■ REQUIRED ACTION ■
The expected output is the line with "據(jù)深圳市民政局通報,深圳市華中科" plus all lines after it to the end of the material below, reproduced exactly, with pictures omitted and nothing else included.

■ SUPPLIED INFORMATION ■
____________

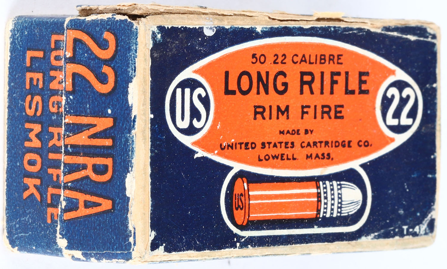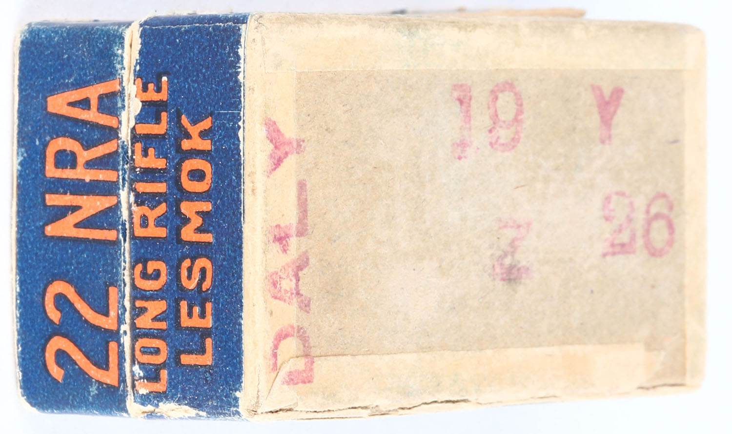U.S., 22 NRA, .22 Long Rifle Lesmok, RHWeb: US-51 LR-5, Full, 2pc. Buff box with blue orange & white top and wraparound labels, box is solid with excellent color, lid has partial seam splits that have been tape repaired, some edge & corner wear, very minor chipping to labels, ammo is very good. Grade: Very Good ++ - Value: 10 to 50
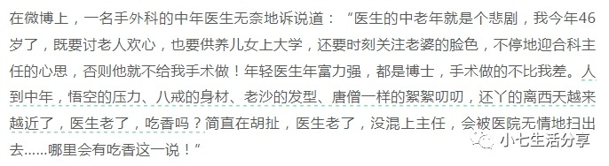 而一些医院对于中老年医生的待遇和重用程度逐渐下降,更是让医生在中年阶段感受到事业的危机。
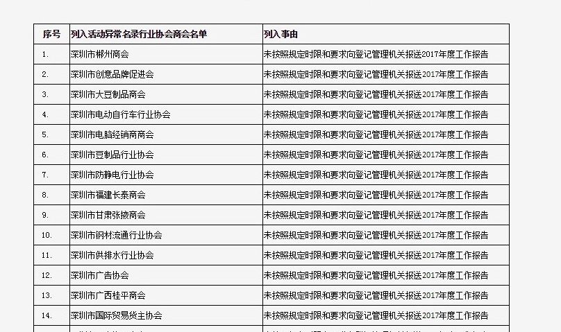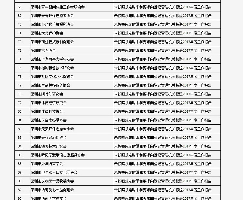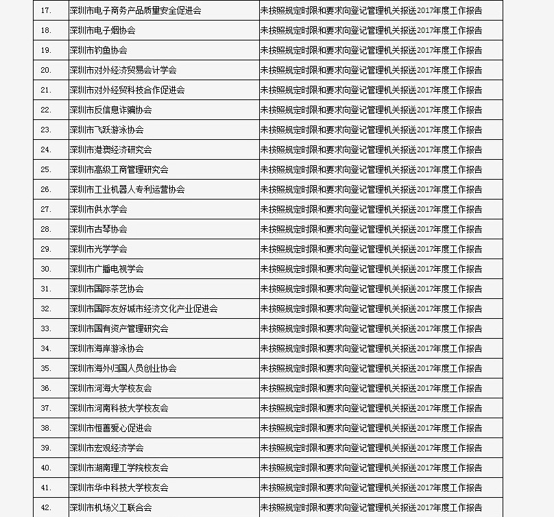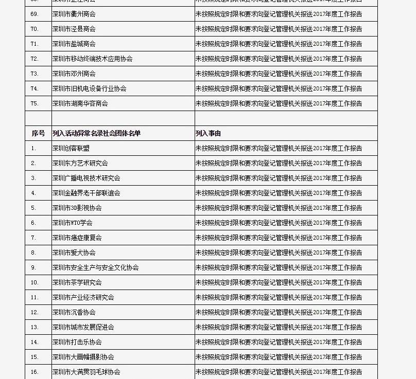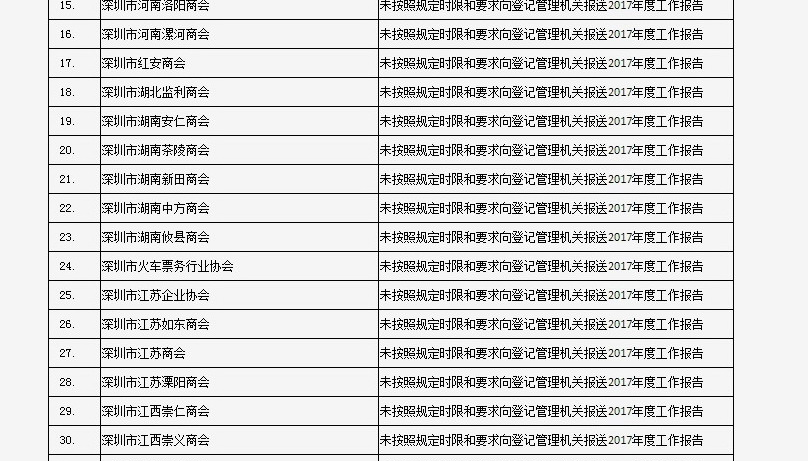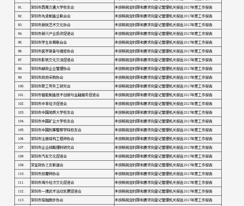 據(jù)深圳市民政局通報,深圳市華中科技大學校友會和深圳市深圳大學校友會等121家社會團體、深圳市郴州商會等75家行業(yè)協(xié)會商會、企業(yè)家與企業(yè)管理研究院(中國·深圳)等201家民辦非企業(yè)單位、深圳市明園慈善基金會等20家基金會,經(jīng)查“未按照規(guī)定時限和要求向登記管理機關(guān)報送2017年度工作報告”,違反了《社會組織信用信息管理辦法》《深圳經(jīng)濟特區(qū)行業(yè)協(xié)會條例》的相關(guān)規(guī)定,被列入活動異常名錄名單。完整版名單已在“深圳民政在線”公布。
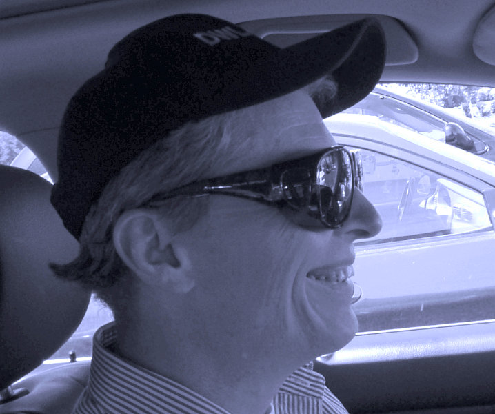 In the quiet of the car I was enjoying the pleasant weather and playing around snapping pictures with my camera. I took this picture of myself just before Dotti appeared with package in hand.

____________

■ WRITTEN ANSWER ■
 據(jù)深圳市民政局通報,深圳市華中科技大學校友會和深圳市深圳大學校友會等121家社會團體、深圳市郴州商會等75家行業(yè)協(xié)會商會、企業(yè)家與企業(yè)管理研究院(中國·深圳)等201家民辦非企業(yè)單位、深圳市明園慈善基金會等20家基金會,經(jīng)查“未按照規(guī)定時限和要求向登記管理機關(guān)報送2017年度工作報告”,違反了《社會組織信用信息管理辦法》《深圳經(jīng)濟特區(qū)行業(yè)協(xié)會條例》的相關(guān)規(guī)定,被列入活動異常名錄名單。完整版名單已在“深圳民政在線”公布。
 In the quiet of the car I was enjoying the pleasant weather and playing around snapping pictures with my camera. I took this picture of myself just before Dotti appeared with package in hand.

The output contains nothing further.